Temuan ini mencuat setelah tim investigasi HKIndonesia melakukan kunjungan langsung ke kantor Dinas Pendidikan Kampar pada pukul 15.10 WIB. Seorang ibu berusia sekitar 65 tahun yang baru keluar dari gedung dinas secara tak sengaja mengungkap praktik tak lazim tersebut.
“Disuruh transfer Rp500 ribu buat urus pensiun,” ucapnya lirih, sembari menunjukkan kekesalan kepada keluarganya.
Tak berhenti di situ, ia juga mengaku bahwa untuk mengurus kenaikan pangkat atau golongan, dirinya diminta membayar hingga Rp3,5 juta, dengan bantuan seorang pegawai bernama Bu Ani, yang disebut-sebut bekerja di Dinas Pemuda dan Olahraga (Dispora).
Budaya Busuk yang Sudah Menjadi Tradisi
Redaksi HKIndonesia tidak berhenti pada satu kesaksian. Sejumlah narasumber lain dari kalangan ASN membenarkan bahwa praktik pungli seperti ini sudah berlangsung lama dan dianggap “tradisi” yang tak tertulis. Bahkan beberapa mengaku, uang yang dipungut tak berhenti di tangan pegawai bawah. Ada aliran dana ke atas.
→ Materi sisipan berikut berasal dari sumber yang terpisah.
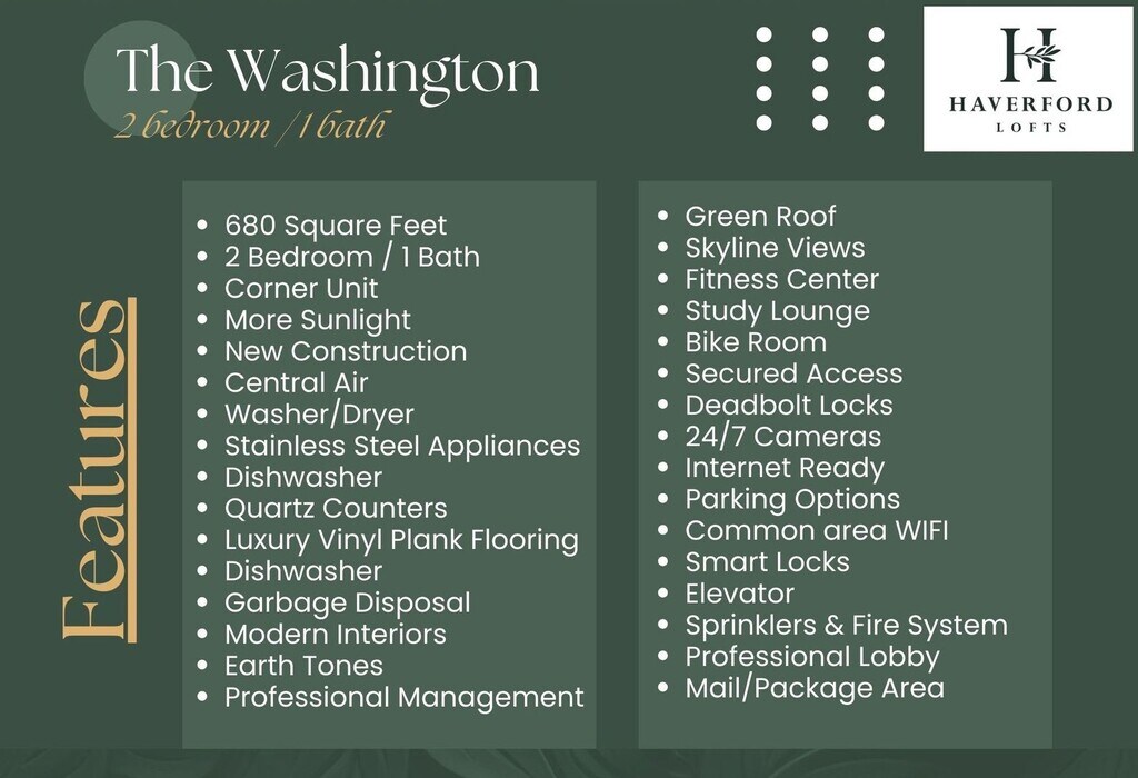 2 Bedrooms at Haverford Lofts currently start from $1,695. Call today for more info!

“Ini bukan ulah satu orang. Ini sistem. Kalau tak bayar, proses pasti dipersulit,” ujar salah satu ASN yang meminta identitasnya dirahasiakan.
Muncul dugaan kuat adanya aktor intelektual di balik praktik ini—orang-orang berpengaruh yang dengan sadar memelihara kultur busuk tersebut dan membiarkannya terus berlangsung dengan mengandalkan rasa takut, loyalitas, dan pembiaran sistemik.
Konfirmasi Dihalang-Halangi, Informasi Ditutup Rapat
Ketika wartawan mencoba mengonfirmasi langsung ke pihak Dinas Pendidikan dan Dispora, tanggapan yang diterima justru menunjukkan indikasi penghindaran. Petugas piket dan pimpinan dinas menolak memberi keterangan resmi. Pihak Dispora malah menyebut Bu Ani tidak terdaftar sebagai pegawai mereka, dan meminta rekaman pengakuan korban dikirim ke WhatsApp pribadi.
Ketika jurnalis menolak memberikan rekaman, akses konfirmasi pun langsung ditutup. Tindakan ini jelas menandakan minimnya komitmen terhadap transparansi dan akuntabilitas.
“Kalau kalian tak mau kasih rekaman, tak usah konfirmasi ke sini,” ujar salah satu staf dingin.
Tindakan Pidana Berat: Korupsi Berkedok Administrasi
Jika dugaan ini terbukti, maka praktik ini tak hanya mencoreng nama baik institusi, melainkan juga masuk dalam ranah tindak pidana korupsi, pemerasan, dan penyalahgunaan jabatan, yang diatur dalam berbagai payung hukum:
UU No. 31 Tahun 1999 jo. UU No. 20 Tahun 2001 tentang Pemberantasan Tipikor
Pasal 12 e: Pegawai negeri yang memaksa memberi sesuatu diancam penjara 4–20 tahun dan denda hingga Rp1 miliar.
KUHP
Pasal 368: Pemerasan — penjara hingga 9 tahun.
Pasal 423: Penyalahgunaan jabatan — penjara maksimal 6 tahun.
PP No. 53 Tahun 2010 tentang Disiplin PNS
Hukuman terberat berupa pemberhentian dengan tidak hormat.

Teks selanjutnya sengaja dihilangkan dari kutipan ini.